- Born: 1965 (age 60–61) Canada
- Education: Ontario College of Art Rhode Island School of Design (M.F.A.)
- Known for: Glass artist

= Katherine Gray =

Canadian artist and professor (born 1965)

Katherine Gray (born 1965) is a Canadian glass artist and professor of art at California State University, San Bernardino. Her work includes vases, candelabras, and goblets, and some of her pieces are designed to fit inside each other.
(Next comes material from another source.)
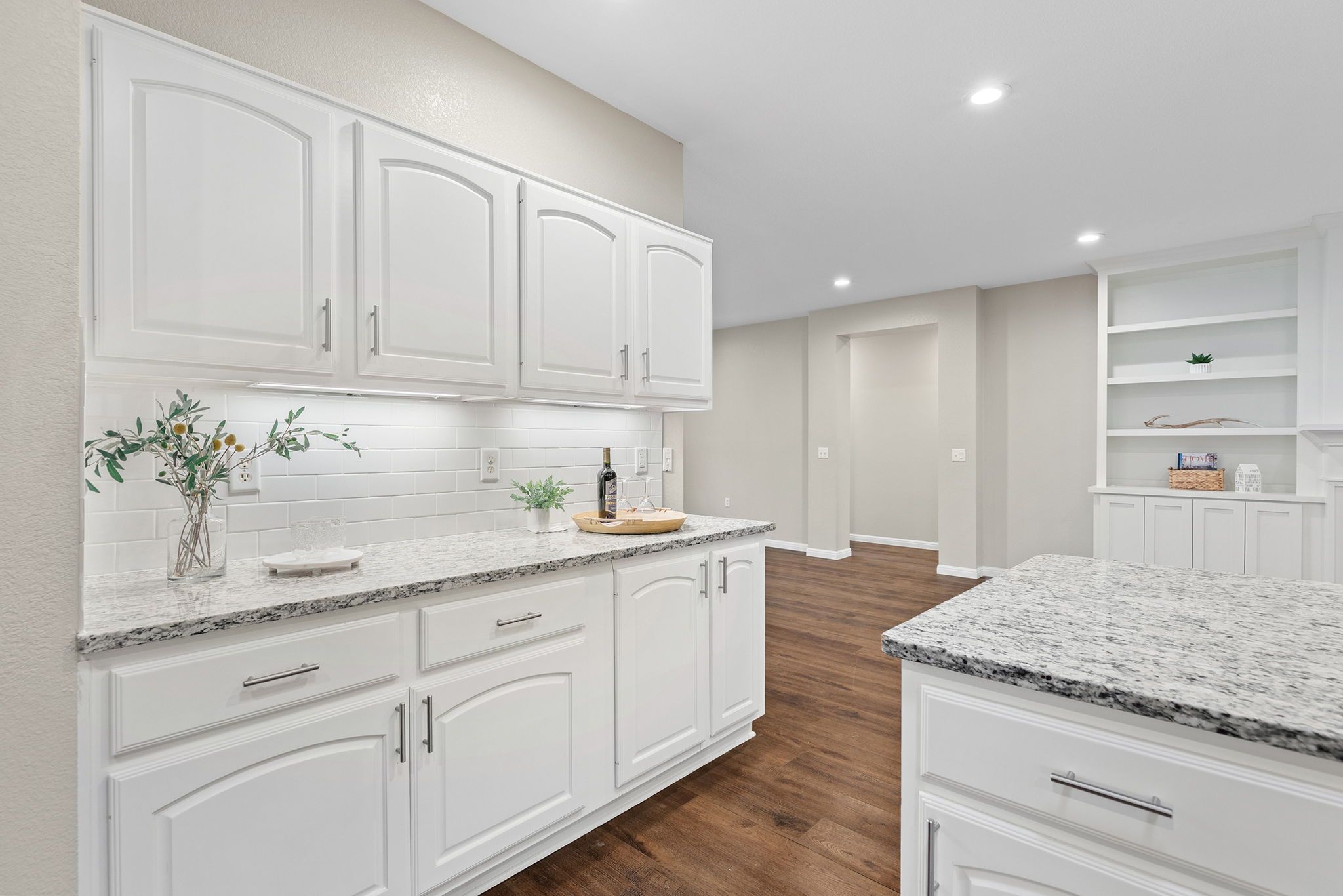 - Breakfast Bar, Bookcases, Built-in Features, Separate/Formal Dining Room, Double Vanity, Eat-in Kitchen, Granite Counters, High Ceilings, Kitchen Island, Multiple Dining Areas, Main Level Primary, NoInteriorSteps, Open Floorplan, Pantry, Recessed Lighting, Smart Thermostat, Walk-In Closet(s)

==Early life and education==
Gray was born in Canada in 1965. She received an undergraduate degree from the Ontario College of Art and her Master of Fine Arts from Rhode Island School of Design.

== Career ==
Her works are in the Corning Museum of Glass, the Museum of American Glass, and the Tacoma Museum of Glass. Her works have also been exhibited internationally at Glasmuseet Ebeltoft in Denmark and Galerie Handwerk in Munich, Germany. Gray has won several grants and awards, including the Award of Merit from the Bellevue Art Museum in Washington and the ARC Completion Grant from the Center for Cultural Innovation in Los Angeles, California. She created one of her most well-known pieces, Forest Glass, by collecting glass from thrift shops and stores, then assembling the glass into the shape of trees. Gray creates functional art, including chandeliers, as well as works that "defy functionality." She also makes use of transparency in her work.

Gray is an associate professor at California State University, San Bernardino and teaches workshops elsewhere. In addition to serving on the board of trustees for the Haystack Mountain School of Crafts (Deer Isle, Maine), Gray has contributed to Glass Magazine and Glass Gazette. Her solo show, "Katherine Gray: As Clear as the Experience," opened at the Craft and Folk Art Museum in Los Angeles in May 2018.

Gray appears as a judge on the Netflix show Blown Away.